**TASK DESCRIPTION:** What you write must match, character for character, the lines from the one with "Com páginas de" down to the one with "Набор предназначен для" in the listing below, minus its pictures.

**GIVEN ENTRIES:**
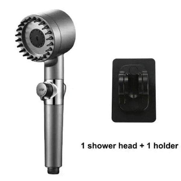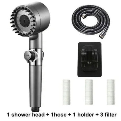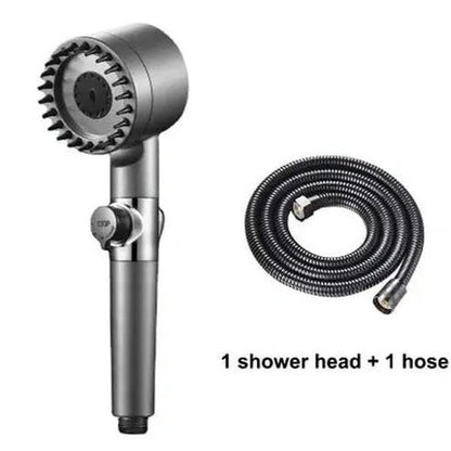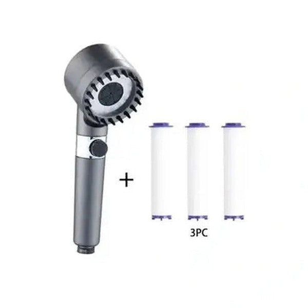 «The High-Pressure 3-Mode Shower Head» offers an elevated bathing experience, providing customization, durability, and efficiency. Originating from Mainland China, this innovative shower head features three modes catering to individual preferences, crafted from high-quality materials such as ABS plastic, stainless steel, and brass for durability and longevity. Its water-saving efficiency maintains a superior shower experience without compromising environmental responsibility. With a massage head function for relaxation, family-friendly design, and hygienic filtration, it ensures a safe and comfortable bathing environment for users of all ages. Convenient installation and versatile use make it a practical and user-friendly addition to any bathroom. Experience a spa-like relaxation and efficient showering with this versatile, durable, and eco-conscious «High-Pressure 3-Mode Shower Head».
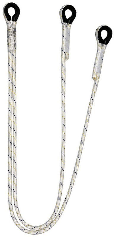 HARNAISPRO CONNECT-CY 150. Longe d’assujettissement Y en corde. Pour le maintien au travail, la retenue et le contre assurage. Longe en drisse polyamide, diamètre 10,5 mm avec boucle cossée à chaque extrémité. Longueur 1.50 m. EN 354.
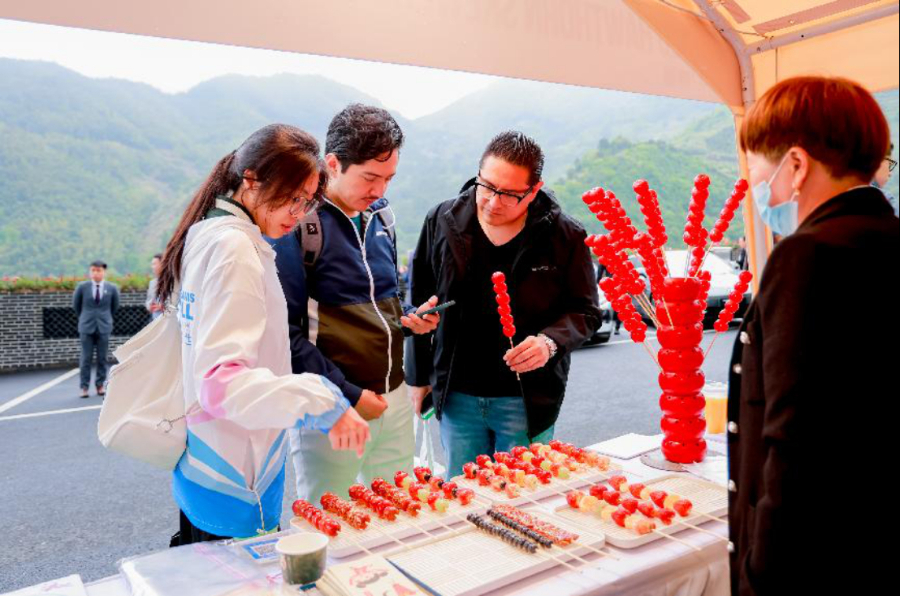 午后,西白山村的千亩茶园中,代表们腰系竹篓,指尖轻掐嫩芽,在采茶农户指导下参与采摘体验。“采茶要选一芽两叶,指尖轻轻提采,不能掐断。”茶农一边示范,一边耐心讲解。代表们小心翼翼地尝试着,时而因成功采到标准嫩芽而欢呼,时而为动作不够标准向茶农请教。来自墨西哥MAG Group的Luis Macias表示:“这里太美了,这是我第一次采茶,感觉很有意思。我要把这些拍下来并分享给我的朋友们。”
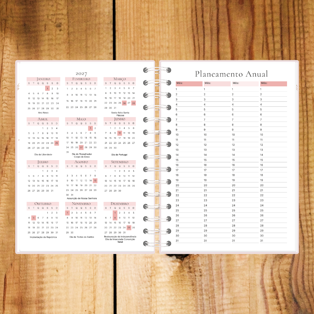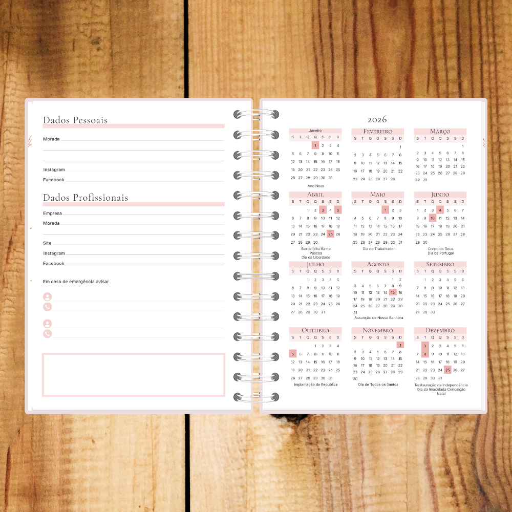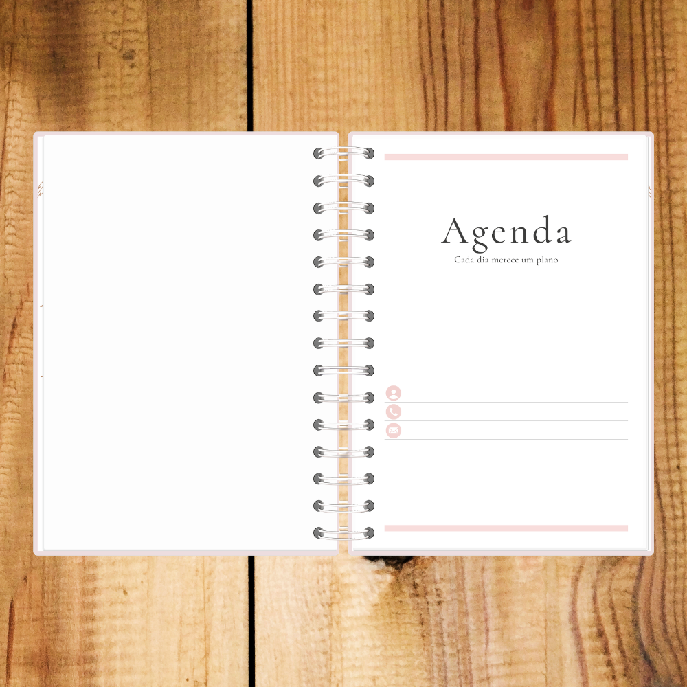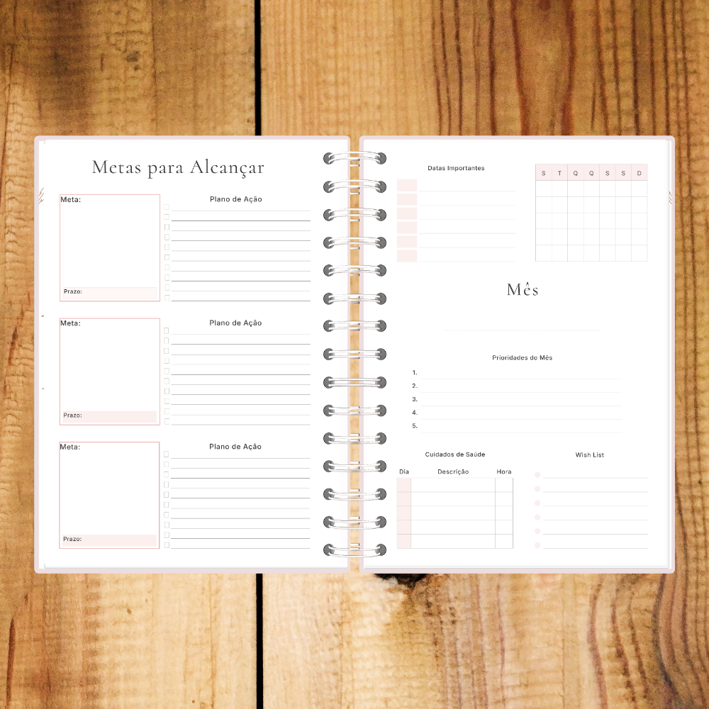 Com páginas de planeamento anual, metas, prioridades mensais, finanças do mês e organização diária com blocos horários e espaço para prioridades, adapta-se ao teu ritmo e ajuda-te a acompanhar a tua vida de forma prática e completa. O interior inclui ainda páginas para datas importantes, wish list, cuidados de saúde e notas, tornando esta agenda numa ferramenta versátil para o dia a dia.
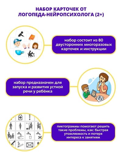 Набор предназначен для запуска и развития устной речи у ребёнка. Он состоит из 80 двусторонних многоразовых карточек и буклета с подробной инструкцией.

---

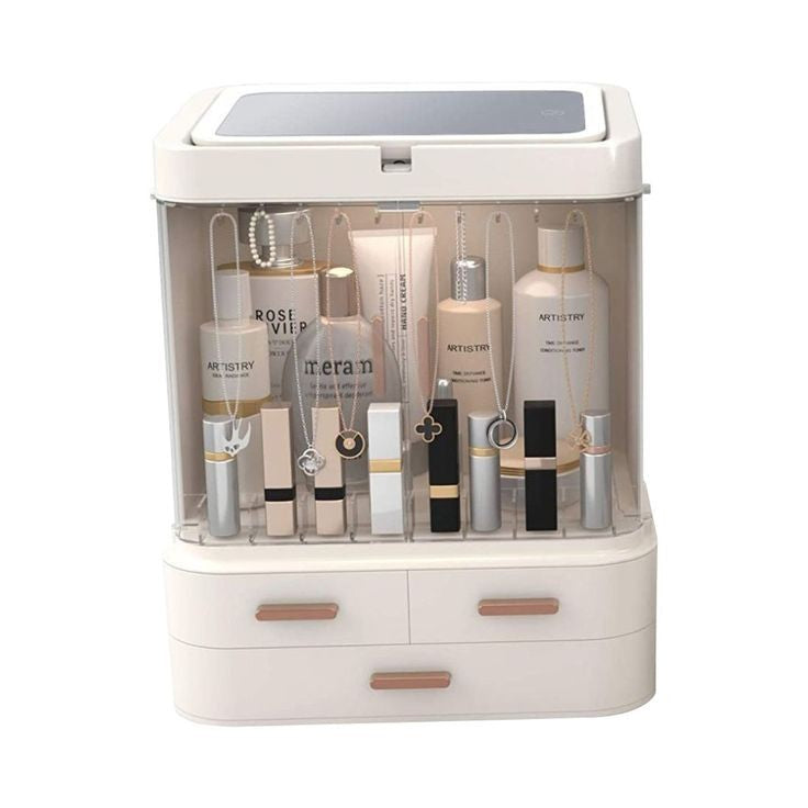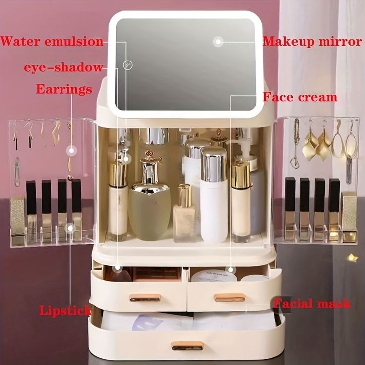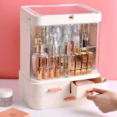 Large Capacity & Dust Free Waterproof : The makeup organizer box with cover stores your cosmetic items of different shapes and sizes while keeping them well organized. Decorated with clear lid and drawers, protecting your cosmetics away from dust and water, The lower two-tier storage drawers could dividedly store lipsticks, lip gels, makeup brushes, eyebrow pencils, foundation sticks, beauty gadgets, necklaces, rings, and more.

**OUTPUT OF THE EXERCISE:**
 Com páginas de planeamento anual, metas, prioridades mensais, finanças do mês e organização diária com blocos horários e espaço para prioridades, adapta-se ao teu ritmo e ajuda-te a acompanhar a tua vida de forma prática e completa. O interior inclui ainda páginas para datas importantes, wish list, cuidados de saúde e notas, tornando esta agenda numa ferramenta versátil para o dia a dia.
 Набор предназначен для запуска и развития устной речи у ребёнка. Он состоит из 80 двусторонних многоразовых карточек и буклета с подробной инструкцией.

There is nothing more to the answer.